> **Work request**
Drop the pictures, then repeat every record exactly as it stands.

:::

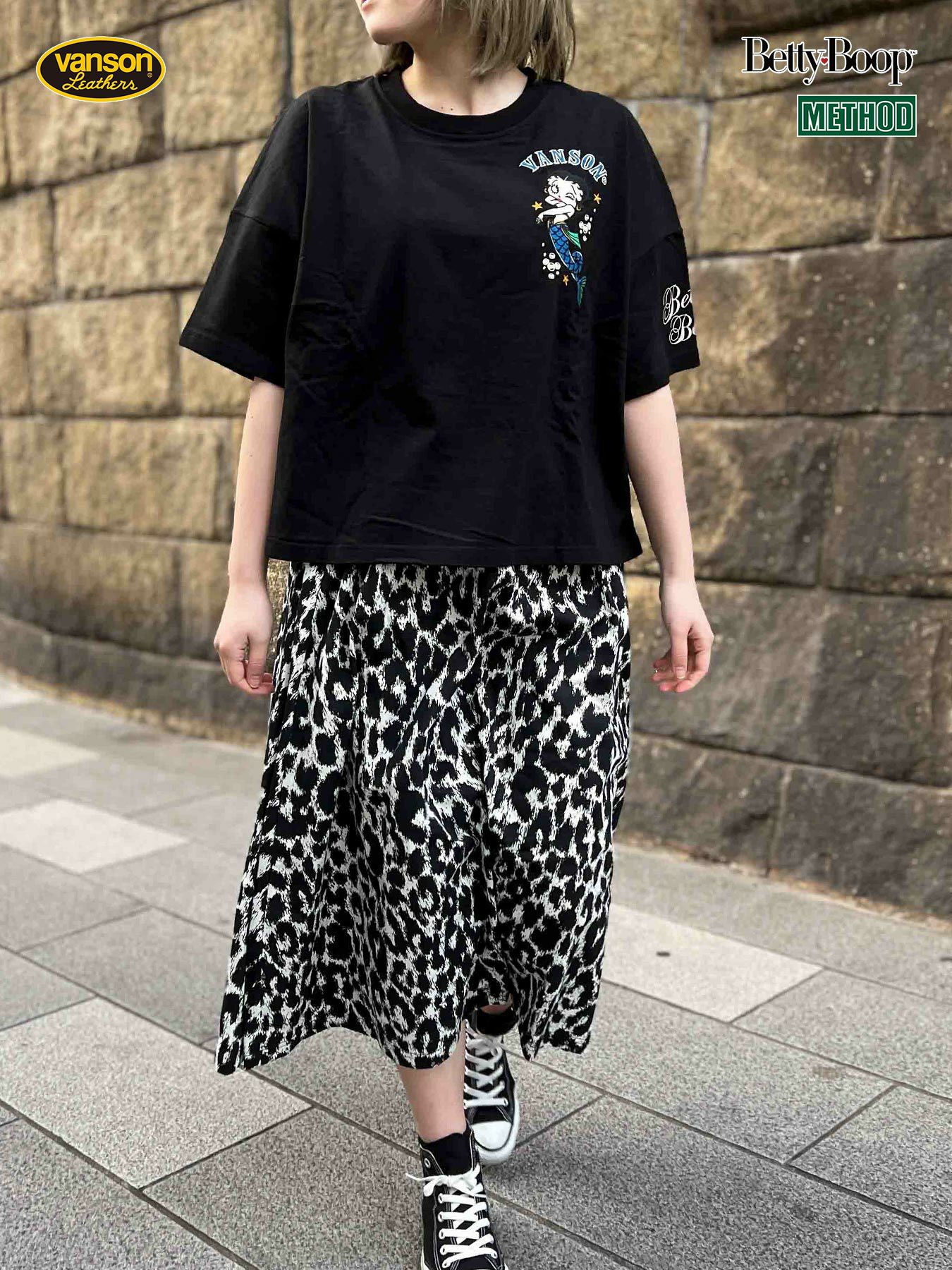 - ≪50%OFF≫【VANSON×BETTYBOOP】“マーメイドベティ”刺繍入りフェイクレイヤード半袖ワンピース〔別注〕≪返品・取寄対応不可≫
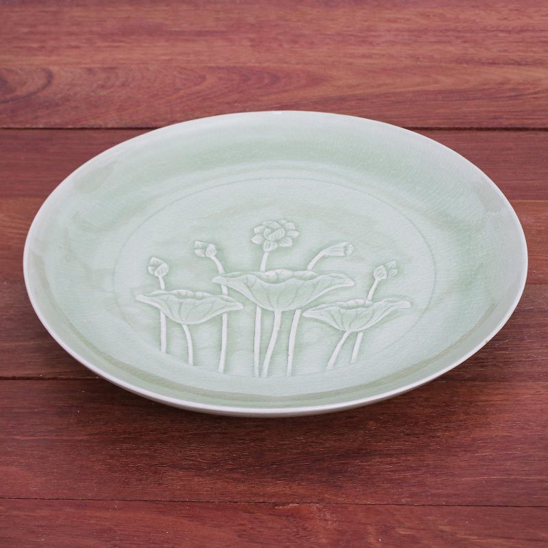 You can find our celadon ceramic dinner plate 'Flavorful' by Duangkamol in tableware categories such as Floral Dinnerware, Celadon Dinnerware, Ceramic Dinnerware and Dinner Plates Dinnerware. Enjoy exploring these sections for other Novica treasures.
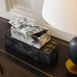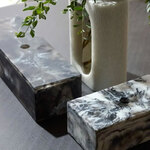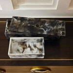 The Kayce Box Set is inspired by classic nesting boxes, this pair of containers deliver a marble-like effect. This stylish set plays with the contrast of black and white swirled resin, and each will have its own distinct pattern. A small round opening in each lid allows for easy lifting. Finish will vary.
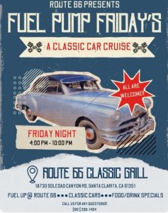 >>>Fuel Pump Fridays – A Classic Car Cruise. At the Route 66 Classic Grill, every Friday night 4:00pm-10:00pm
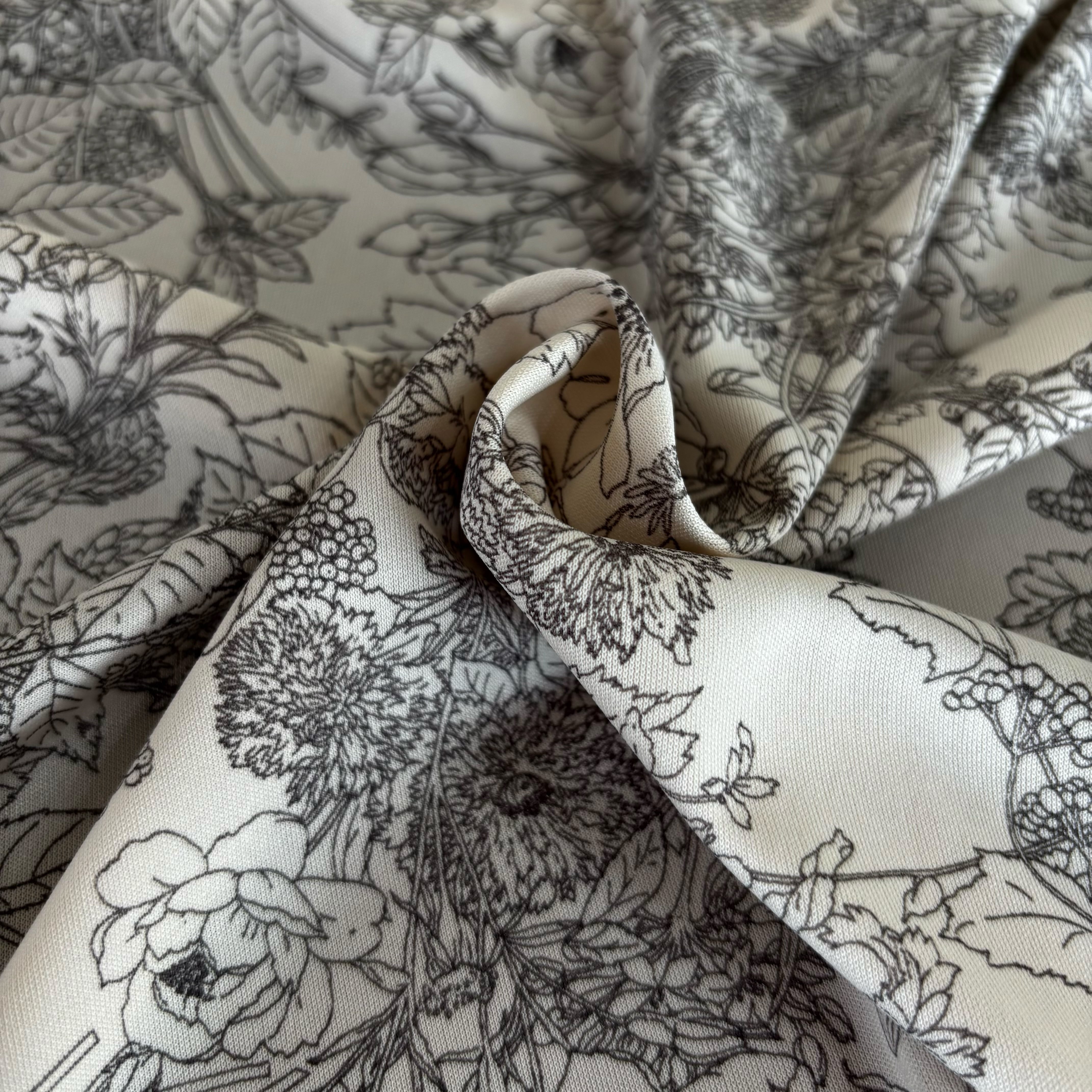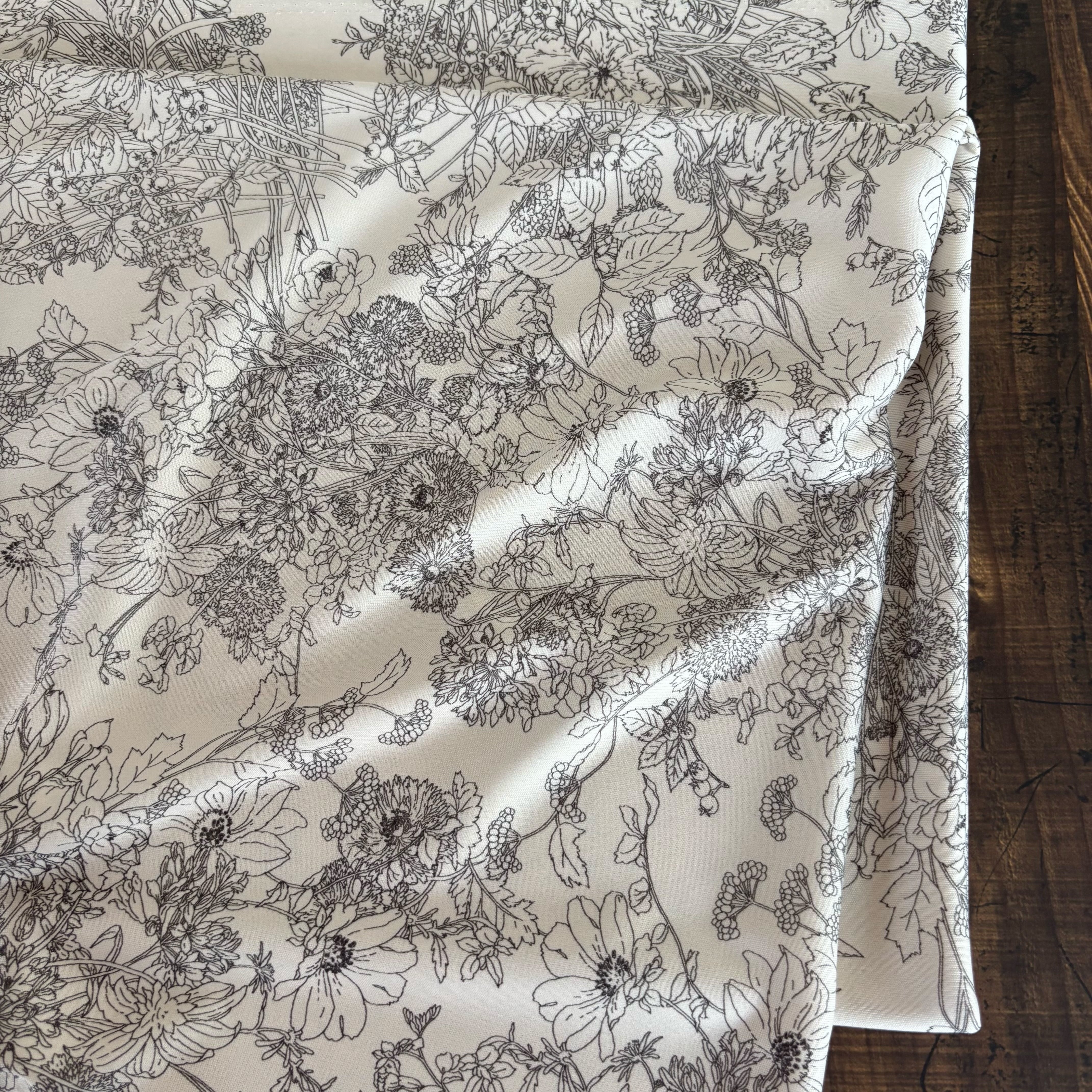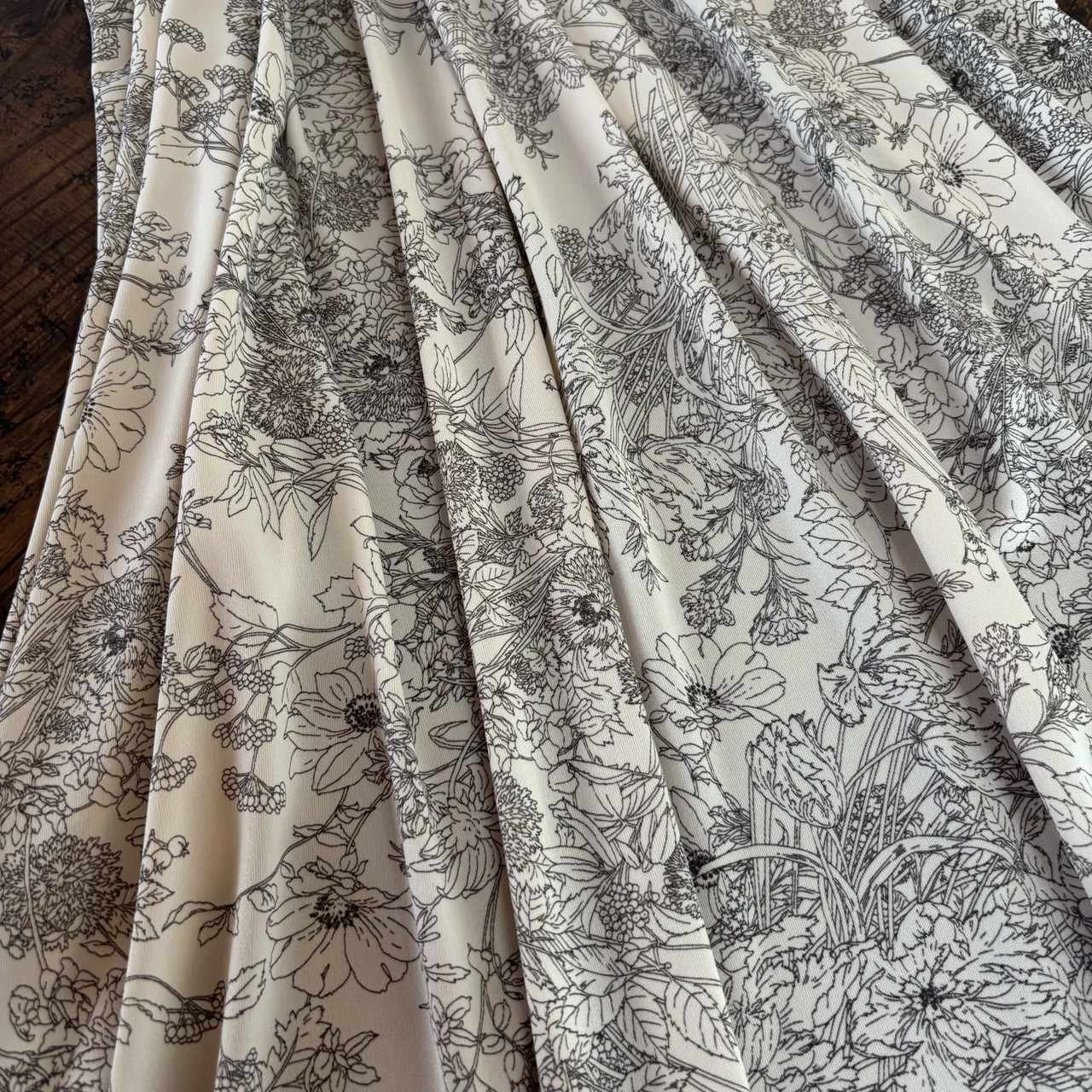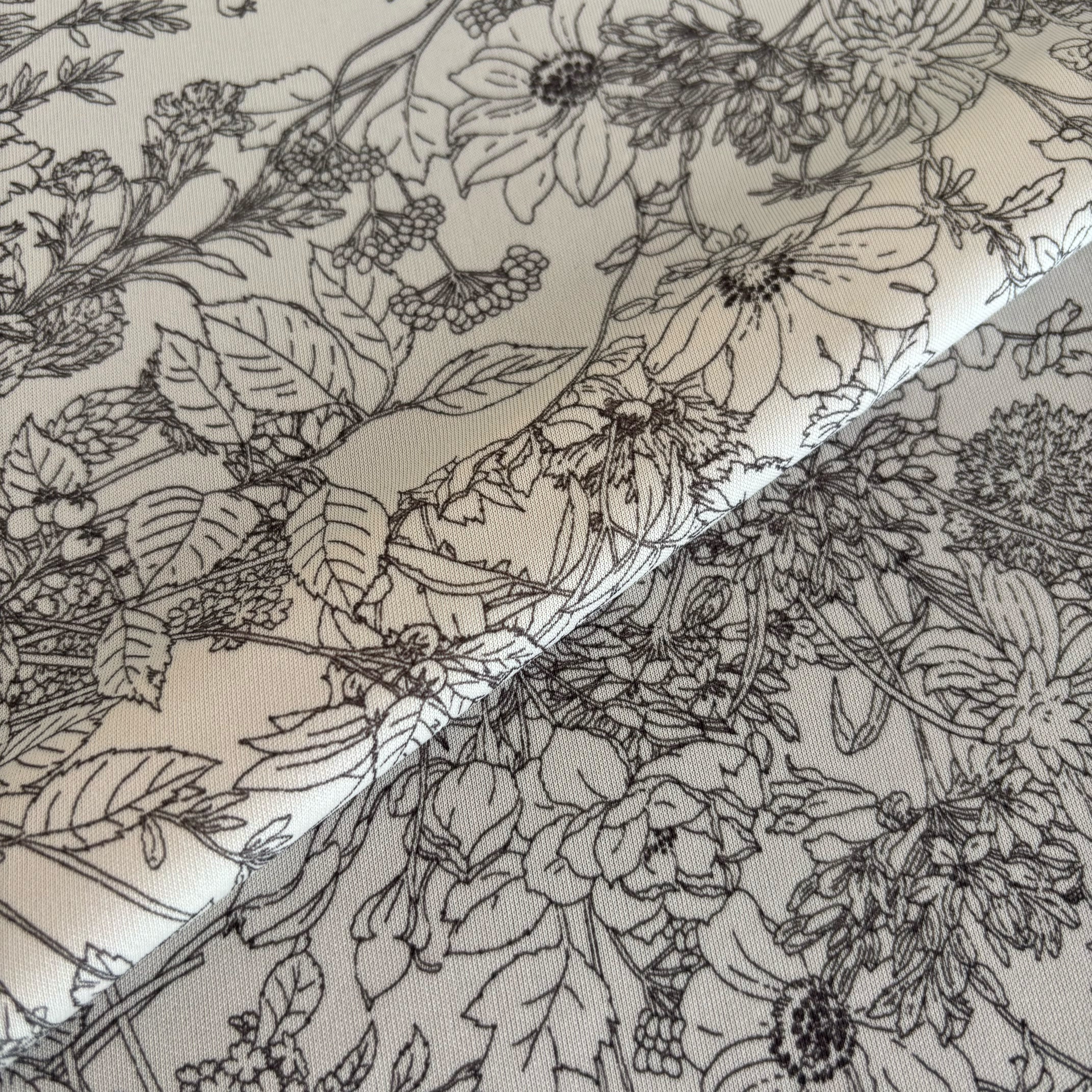 表面が滑らかなスムース生地で、美しいドレープ性が魅力です。さらりとした肌触りに加え、接触冷感を備えているため、オールシーズンで快適にお使いいただけます。適度な伸縮性と程よい厚みがあり、Tシャツやワンピース、カーディガンなど、幅広い用途に活用できます。

:::

> **Solution for this exercise**
 - ≪50%OFF≫【VANSON×BETTYBOOP】“マーメイドベティ”刺繍入りフェイクレイヤード半袖ワンピース〔別注〕≪返品・取寄対応不可≫
 You can find our celadon ceramic dinner plate 'Flavorful' by Duangkamol in tableware categories such as Floral Dinnerware, Celadon Dinnerware, Ceramic Dinnerware and Dinner Plates Dinnerware. Enjoy exploring these sections for other Novica treasures.
 The Kayce Box Set is inspired by classic nesting boxes, this pair of containers deliver a marble-like effect. This stylish set plays with the contrast of black and white swirled resin, and each will have its own distinct pattern. A small round opening in each lid allows for easy lifting. Finish will vary.
 >>>Fuel Pump Fridays – A Classic Car Cruise. At the Route 66 Classic Grill, every Friday night 4:00pm-10:00pm
 表面が滑らかなスムース生地で、美しいドレープ性が魅力です。さらりとした肌触りに加え、接触冷感を備えているため、オールシーズンで快適にお使いいただけます。適度な伸縮性と程よい厚みがあり、Tシャツやワンピース、カーディガンなど、幅広い用途に活用できます。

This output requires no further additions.